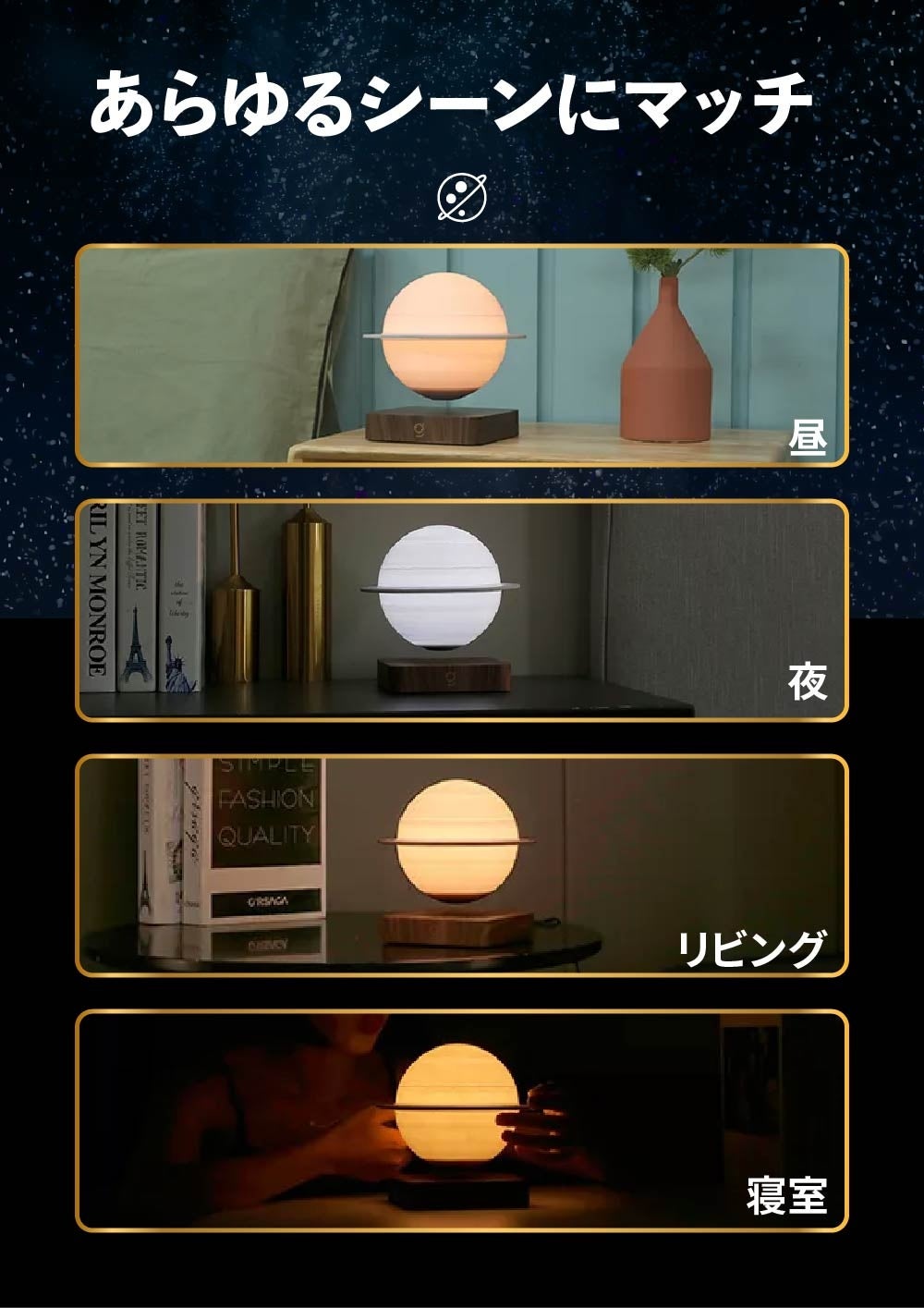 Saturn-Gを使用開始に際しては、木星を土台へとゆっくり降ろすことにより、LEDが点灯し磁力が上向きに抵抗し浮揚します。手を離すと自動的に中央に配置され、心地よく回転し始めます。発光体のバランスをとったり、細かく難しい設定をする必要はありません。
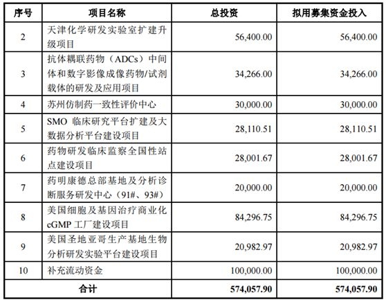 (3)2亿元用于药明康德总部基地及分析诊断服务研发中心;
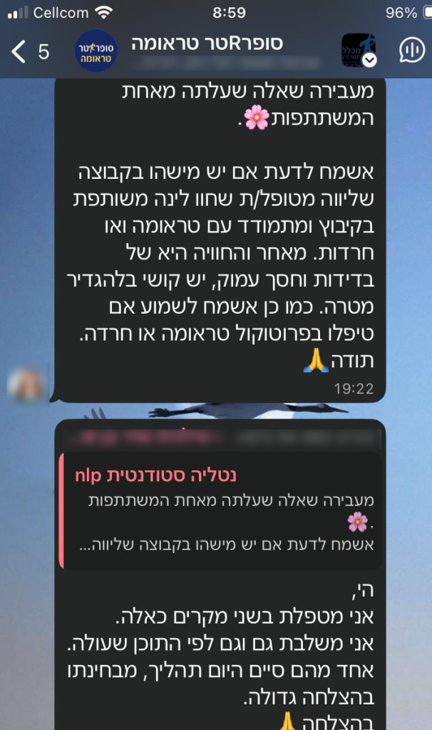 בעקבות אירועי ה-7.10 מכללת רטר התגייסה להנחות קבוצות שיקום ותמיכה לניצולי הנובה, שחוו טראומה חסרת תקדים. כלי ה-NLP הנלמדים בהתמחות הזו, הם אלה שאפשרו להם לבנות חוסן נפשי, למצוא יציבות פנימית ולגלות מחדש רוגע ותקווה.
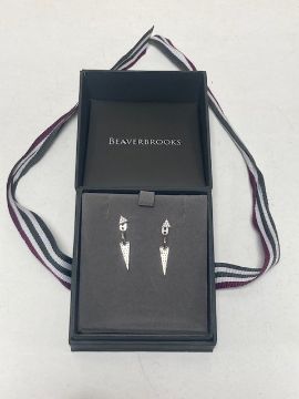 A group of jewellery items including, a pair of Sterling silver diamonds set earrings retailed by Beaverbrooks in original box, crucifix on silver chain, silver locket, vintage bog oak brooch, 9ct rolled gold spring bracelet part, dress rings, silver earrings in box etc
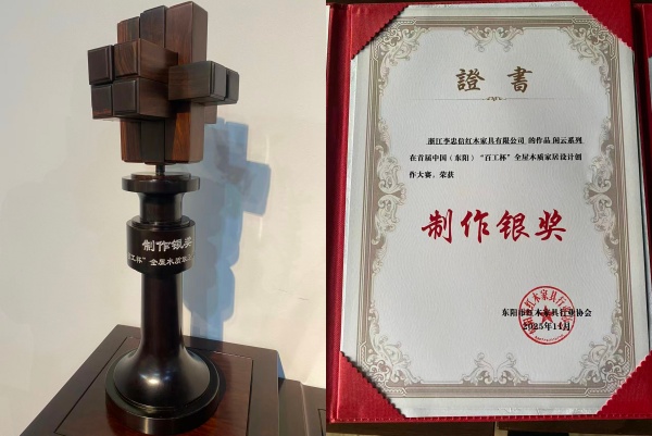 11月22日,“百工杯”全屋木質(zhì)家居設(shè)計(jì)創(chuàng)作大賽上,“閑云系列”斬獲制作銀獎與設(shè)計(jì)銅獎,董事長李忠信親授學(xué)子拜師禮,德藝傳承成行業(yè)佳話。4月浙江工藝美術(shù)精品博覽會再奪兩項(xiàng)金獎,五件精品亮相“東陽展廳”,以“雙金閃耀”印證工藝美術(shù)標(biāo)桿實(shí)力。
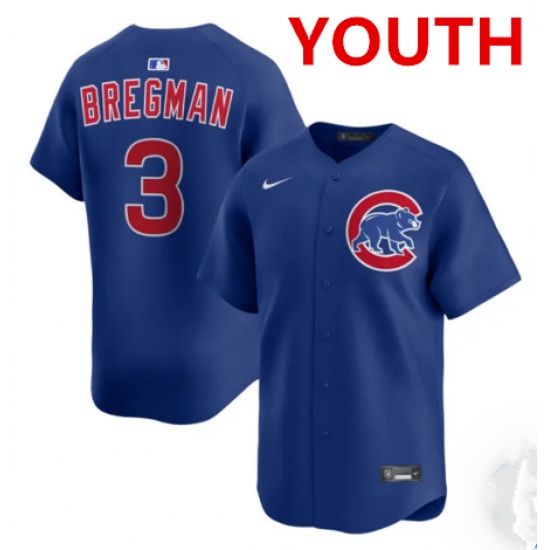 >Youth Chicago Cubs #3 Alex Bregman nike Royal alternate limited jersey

***

Write out exactly the lines from the line holding "A group of jewellery" through the last line of the records above, inclusive, and nothing more. Leave out the pictures.

> [Finished exercise]
 A group of jewellery items including, a pair of Sterling silver diamonds set earrings retailed by Beaverbrooks in original box, crucifix on silver chain, silver locket, vintage bog oak brooch, 9ct rolled gold spring bracelet part, dress rings, silver earrings in box etc
 11月22日,“百工杯”全屋木質(zhì)家居設(shè)計(jì)創(chuàng)作大賽上,“閑云系列”斬獲制作銀獎與設(shè)計(jì)銅獎,董事長李忠信親授學(xué)子拜師禮,德藝傳承成行業(yè)佳話。4月浙江工藝美術(shù)精品博覽會再奪兩項(xiàng)金獎,五件精品亮相“東陽展廳”,以“雙金閃耀”印證工藝美術(shù)標(biāo)桿實(shí)力。
 >Youth Chicago Cubs #3 Alex Bregman nike Royal alternate limited jersey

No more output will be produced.